Em comparação a outros países europeus, Portugal havia apresentado bons resultados na resposta à pandemia. Na última semana, entretanto, precisou recuar em ao menos três flexibilizações de medidas impostas no combate ao vírus diante do crescimento dos novos casos da Covid-19 em Lisboa.

A partir desta segunda-feira (29), moradores de 19 regiões da capital portuguesa terão que voltar ao confinamento, com permissão para sair de casa apenas para trabalhar e comprar bens essenciais, como alimentos e remédios. Reuniões públicas estão limitadas a 5 pessoas nas áreas mais afetadas, 10 para as demais regiões da capital portuguesa, e 20 no restante do país.

Não se sabe, porém, como as regras serão aplicadas durante os jogos da Champions League.

Para o epidemiologista Ricardo Mexia, presidente da Associação Nacional dos Médicos de Saúde Pública de Portugal, independentemente dos eventos realizados, os países precisam se certificar de sua capacidade de resposta a um possível aumento de novas infecções.

“Não há nenhum país neste momento que esteja em condições de eliminar a doença.

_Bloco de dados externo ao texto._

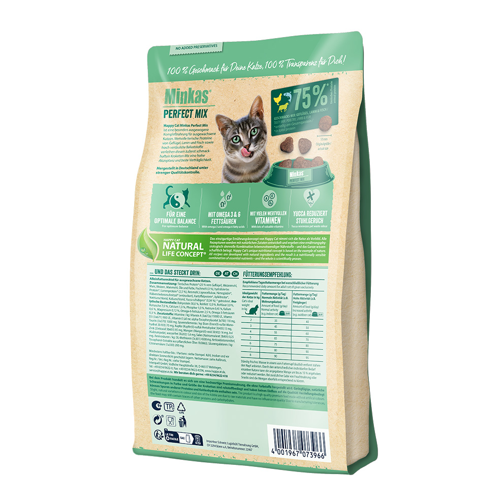 Happy Cat Minkas Perfect Mix is a particularly wellbalanced complete food for adult cats. Valuable animal proteins from poultry, lamb and fish are combined with highly digestible dietary fibre to make a tasty and optimally digestible kibble mix
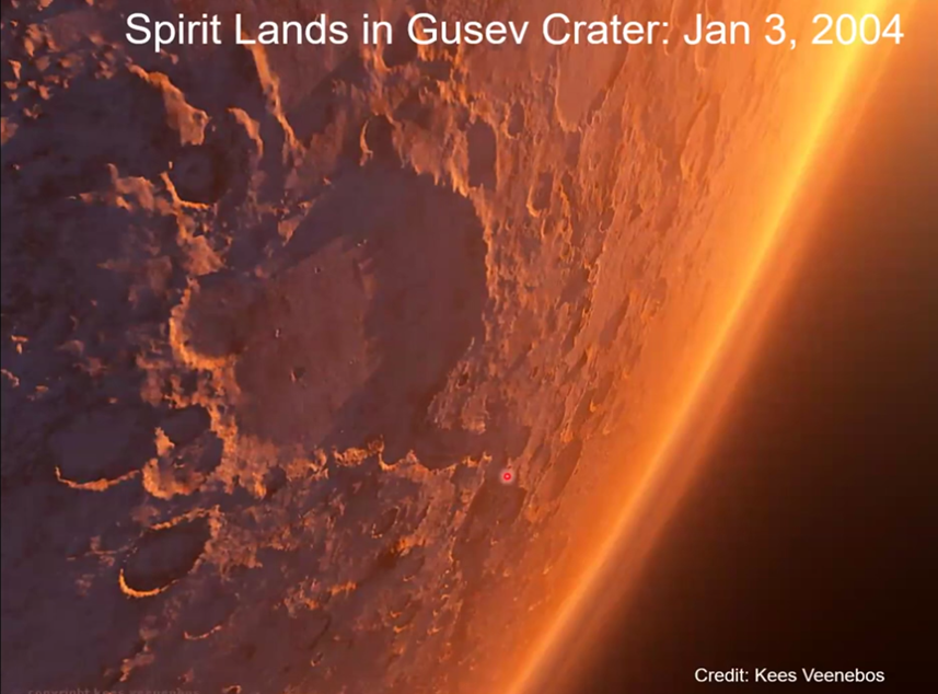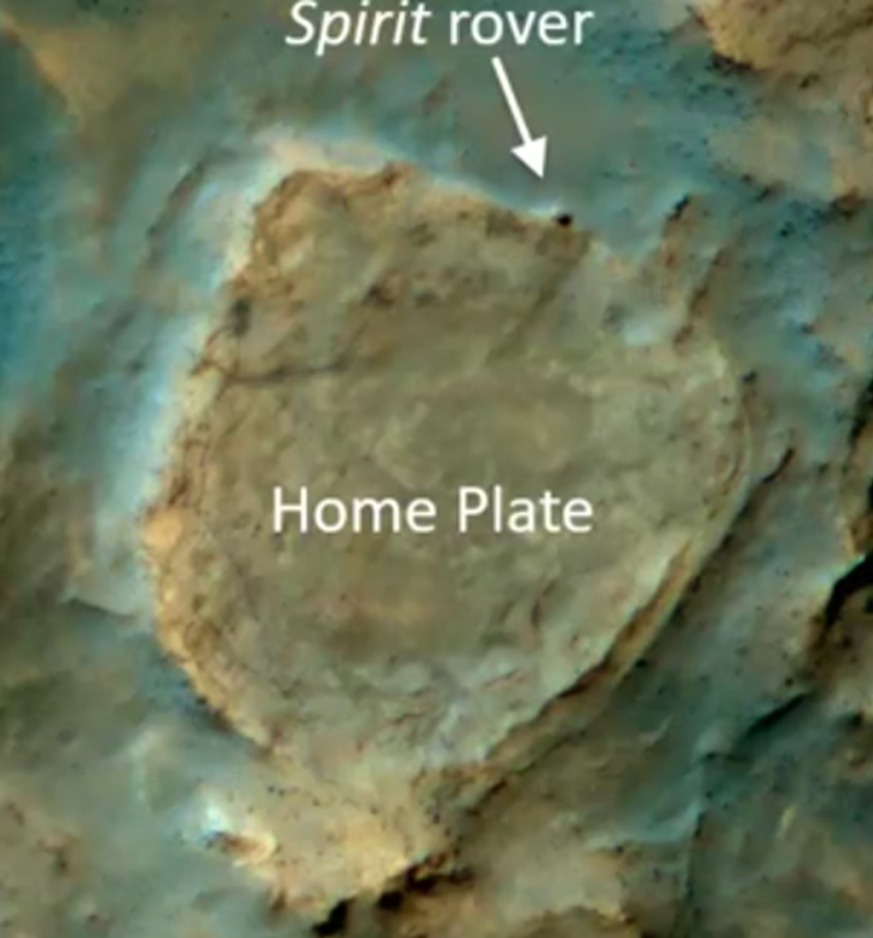 Despite having passed the anticipated three-month life of the mission, Spirit continued to generate solar energy. This was thanks to windstorms that cleared the rover’s solar panels of dirt. So the teams directed the rover to travel outside the crater to a second site, Home Plate. The camera on the orbiter circling Mars captured a photo of Spirit as it arrived at the northern edge of Home Plate as shown below.
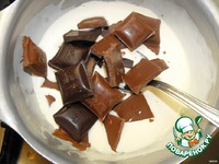 В маленькой кастрюле нагреть сливки (200мл.)до слабого кипения и снять с огня.
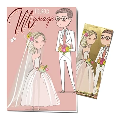 Afie 63 1157 Happy Wedding Card with Bookmark in Shiny Gold Illustrated Bride and Groom Flowers Boho Chic Soft Pink Envelope Included Made France

O que precisamos assegurar é que tenhamos um número de casos com o qual nosso sistema de saúde é capaz de lidar”, diz.

Segundo o médico, o problema de Portugal é que houve pouco planejamento. “Não se criaram recursos para uma série de funções, entre as quais, por exemplo, na área da saúde pública, a de profissionais que possam ajudar com os inquéritos epidemiológicos e o rastreamento de contatos”.

Nesse cenário, para o médico, sediar um evento do porte da Champions League não é uma “opção particularmente positiva”.

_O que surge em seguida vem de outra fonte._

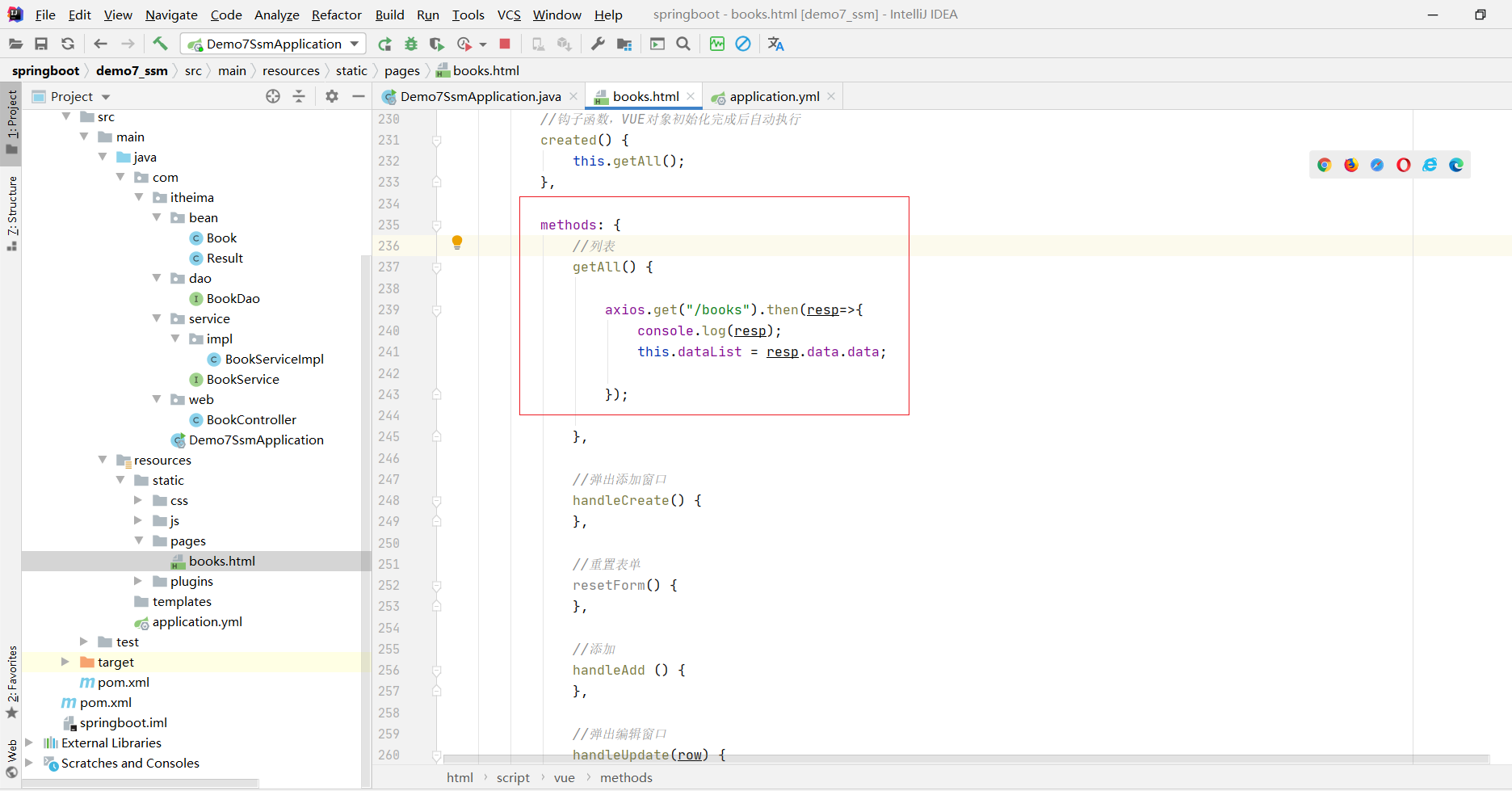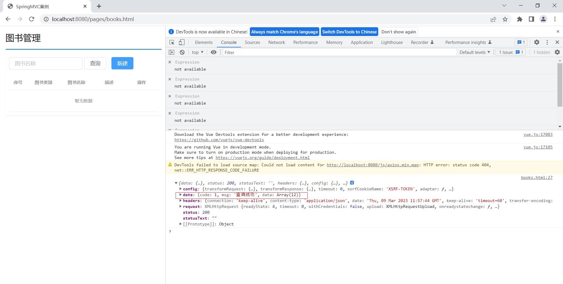 methods: {//列表getAll() {axios.get("/books").then(resp=>{console.log(resp);//this.dataList = resp.data.data;});

Grandes eventos também foram cancelados ou adiados na França. O torneio de tênis Roland Garros, por exemplo, aconteceria em maio, mas será disputado de 21 de setembro a 11 de outubro.

O Tour de France, maior evento de ciclismo do mundo, teria início neste sábado (27), mas foi adiado e deve começar em 29 de agosto. A festa tradicional de 14 de julho, feriado francês que comemora o aniversário da Queda da Bastilha, foi mantido, mas com alterações.

Pela primeira vez desde o fim da Segunda Guerra Mundial, não vai haver o desfile militar que começa no Arco do Triunfo e percorre a avenida Champs Elysées, em Paris.

Em substituição, o governo francês fará uma cerimônia na praça da Concórdia com cerca de 4.500 convidados, que devem manter as regras de distanciamento social. Embora o evento deste ano restrinja a participação do público, o Dia da Bastilha tradicionalmente atrai dezenas de milhares de pessoas às ruas.

Autoridades locais estudam formas de garantir a segurança contra o coronavírus, que já matou mais de 29 mil franceses.

Também em Paris, a Torre Eiffel, ícone do turismo e monumento mais visitado da França, reabriu para visitantes na quinta-feira (25), depois de mais de três meses fechada.

Até o final do mês, entretanto, os visitantes deverão subir 674 degraus de escada se quiserem ter acesso a dois dos três andares da torre.

A expectativa é que os elevadores sejam reativados em julho, se a situação de saúde permitir. Enquanto isso, o uso de máscaras é obrigatório, e marcas no chão delimitam distâncias seguras entre os turistas.